Task details: Return only the lines below starting at the line containing "Spilla in platino" and ending at the line containing "Dive into the", both included, exactly as they are and with no pictures.

[Data for analysis — start]

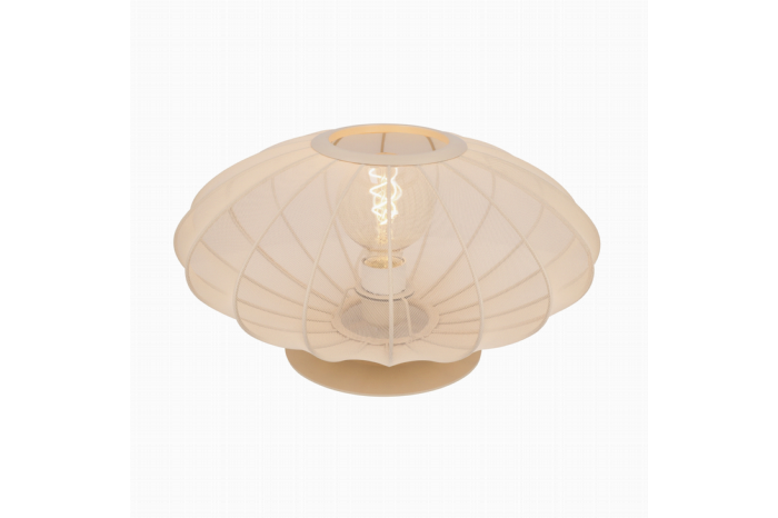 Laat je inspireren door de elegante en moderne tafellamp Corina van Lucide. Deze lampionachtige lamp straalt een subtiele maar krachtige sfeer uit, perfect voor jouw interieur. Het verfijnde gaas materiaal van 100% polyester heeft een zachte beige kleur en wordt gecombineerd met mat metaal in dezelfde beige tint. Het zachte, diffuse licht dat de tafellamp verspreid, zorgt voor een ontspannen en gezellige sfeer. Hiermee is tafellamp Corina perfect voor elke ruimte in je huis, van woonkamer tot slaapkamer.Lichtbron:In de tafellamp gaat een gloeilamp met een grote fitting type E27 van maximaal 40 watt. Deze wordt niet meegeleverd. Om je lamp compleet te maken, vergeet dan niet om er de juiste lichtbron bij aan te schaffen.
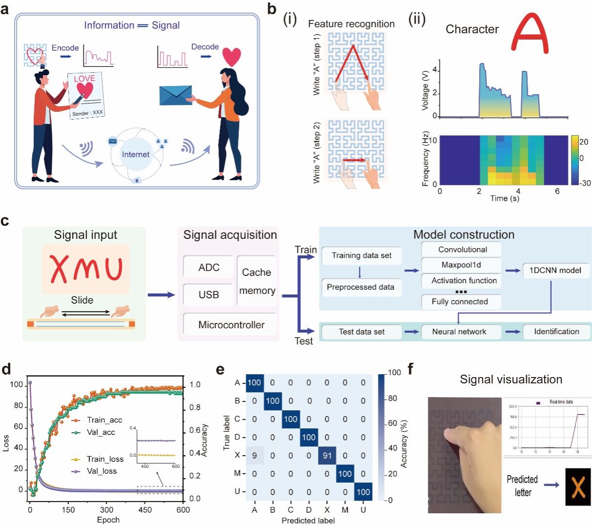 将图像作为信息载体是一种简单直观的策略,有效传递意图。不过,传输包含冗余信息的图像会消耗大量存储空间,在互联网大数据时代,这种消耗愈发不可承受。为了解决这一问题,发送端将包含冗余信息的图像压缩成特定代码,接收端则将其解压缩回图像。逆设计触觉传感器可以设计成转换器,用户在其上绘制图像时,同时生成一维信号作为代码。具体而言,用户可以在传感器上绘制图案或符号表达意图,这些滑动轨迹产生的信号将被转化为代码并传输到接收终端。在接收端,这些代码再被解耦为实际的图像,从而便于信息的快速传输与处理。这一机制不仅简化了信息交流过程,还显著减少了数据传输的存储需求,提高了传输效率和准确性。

[Data for analysis — finish]
[Data for analysis — start]

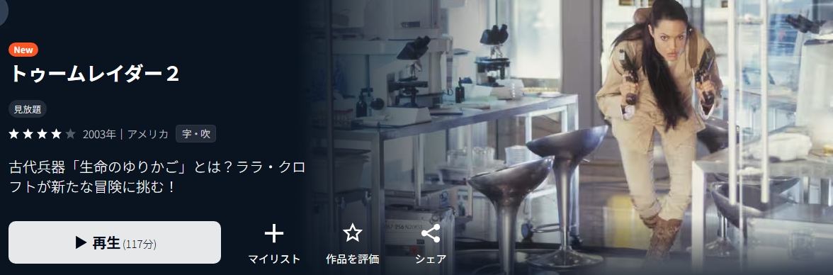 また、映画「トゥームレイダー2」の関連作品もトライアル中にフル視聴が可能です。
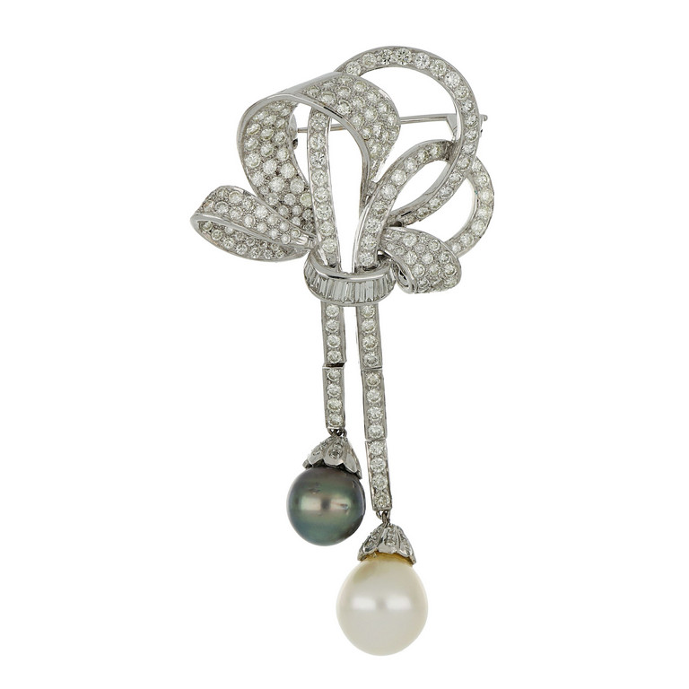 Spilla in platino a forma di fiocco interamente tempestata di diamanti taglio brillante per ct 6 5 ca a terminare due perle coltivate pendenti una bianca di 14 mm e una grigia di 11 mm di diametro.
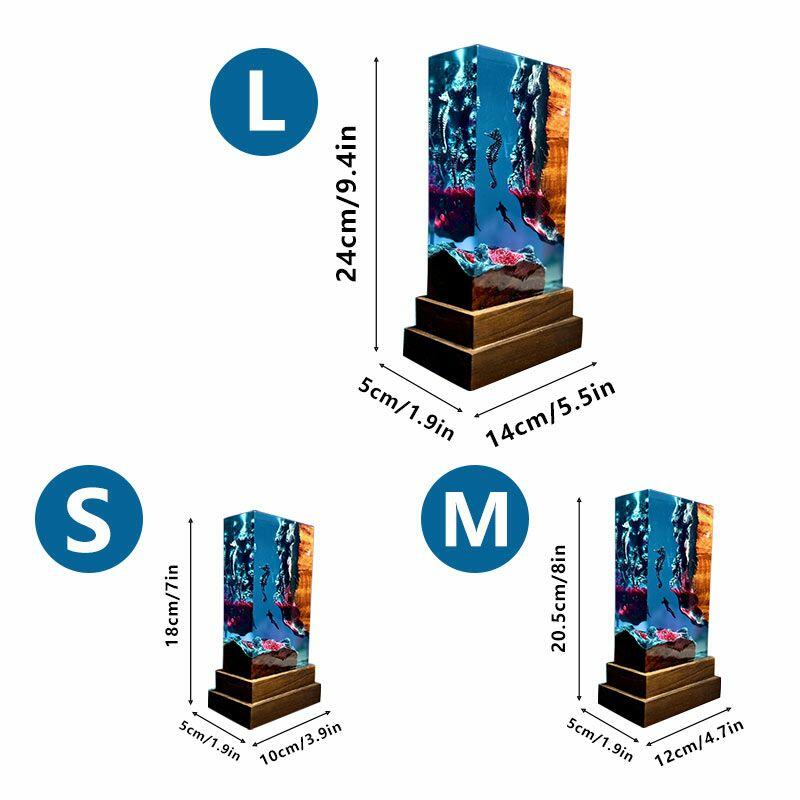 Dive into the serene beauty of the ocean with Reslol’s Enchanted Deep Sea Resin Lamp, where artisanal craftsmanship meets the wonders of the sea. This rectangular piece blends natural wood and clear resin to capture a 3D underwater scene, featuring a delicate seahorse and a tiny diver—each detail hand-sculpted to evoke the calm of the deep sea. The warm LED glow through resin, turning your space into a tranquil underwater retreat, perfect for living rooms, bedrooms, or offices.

[Data for analysis — finish]

Your solution:
 Spilla in platino a forma di fiocco interamente tempestata di diamanti taglio brillante per ct 6 5 ca a terminare due perle coltivate pendenti una bianca di 14 mm e una grigia di 11 mm di diametro.
 Dive into the serene beauty of the ocean with Reslol’s Enchanted Deep Sea Resin Lamp, where artisanal craftsmanship meets the wonders of the sea. This rectangular piece blends natural wood and clear resin to capture a 3D underwater scene, featuring a delicate seahorse and a tiny diver—each detail hand-sculpted to evoke the calm of the deep sea. The warm LED glow through resin, turning your space into a tranquil underwater retreat, perfect for living rooms, bedrooms, or offices.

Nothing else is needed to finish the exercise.